Gilbert R. Peralta
Department of Mathematics and Computer Science
College of Science
Analysis of a Nonlinear Fluid-Structure Interaction Model with Mechanical Dissipation and Delay, Nonlinearity, 32: 5110-5149, 2019
The interaction between a solid and a fluid has been studied extensively in the past decades. Applications typically arise in several engineering designs and blood flow models. The research takes into account a model where there is a delay in the feedback control on the structural component. This entails that there is a time-lag for the control to be effective. It is known that delays can lead to instability. Nevertheless, the study shows that under a suitable strength of the control, one can still steer the state to an equilibrium even if delays are present in the system.

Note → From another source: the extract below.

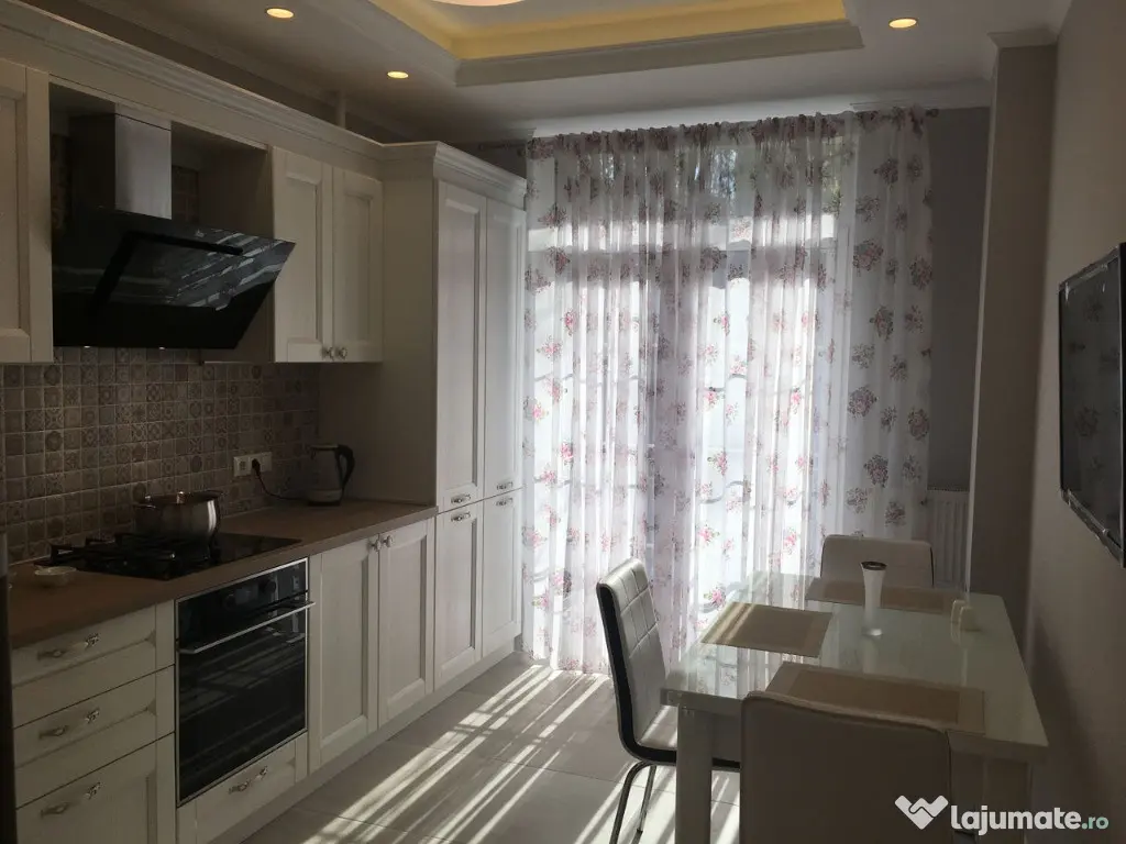 Ofer spre închiriere apartament 2 camere, decomandat .Apartamentul este la prima inchiriere si se afla la etajul 5/5. Apartamentul este complet utilat și mobilat , electrocasnice (mașină de spălat rufe cu uscător, mașină de spălat vase, combina frigorifica, plita , cuptor, hota), aer condiționat, internet+TV prin fibra.Incalzirea este realizata de catre centrala proprie a apartamentului Confort: 1 Tip imobil: Bloc de apartamente

A fluid-structure interaction model with discrete and distributed delays in the structural damping is studied. The fluid and structure dynamics are governed by the Navier–Stokes and linear elasticity equations, respectively. Due to the presence of delay, a crucial ingredient of the weak formulation is the use of hidden boundary regularity for transport equations. In two space dimensions, it is shown that weak solutions are unique. For smooth and compatible data, we establish the existence of the pressure and by applying micro-local analysis, further regularity of the solutions is available. Finally, the exponential stability of the system is obtained through an appropriate Lyapunov functional.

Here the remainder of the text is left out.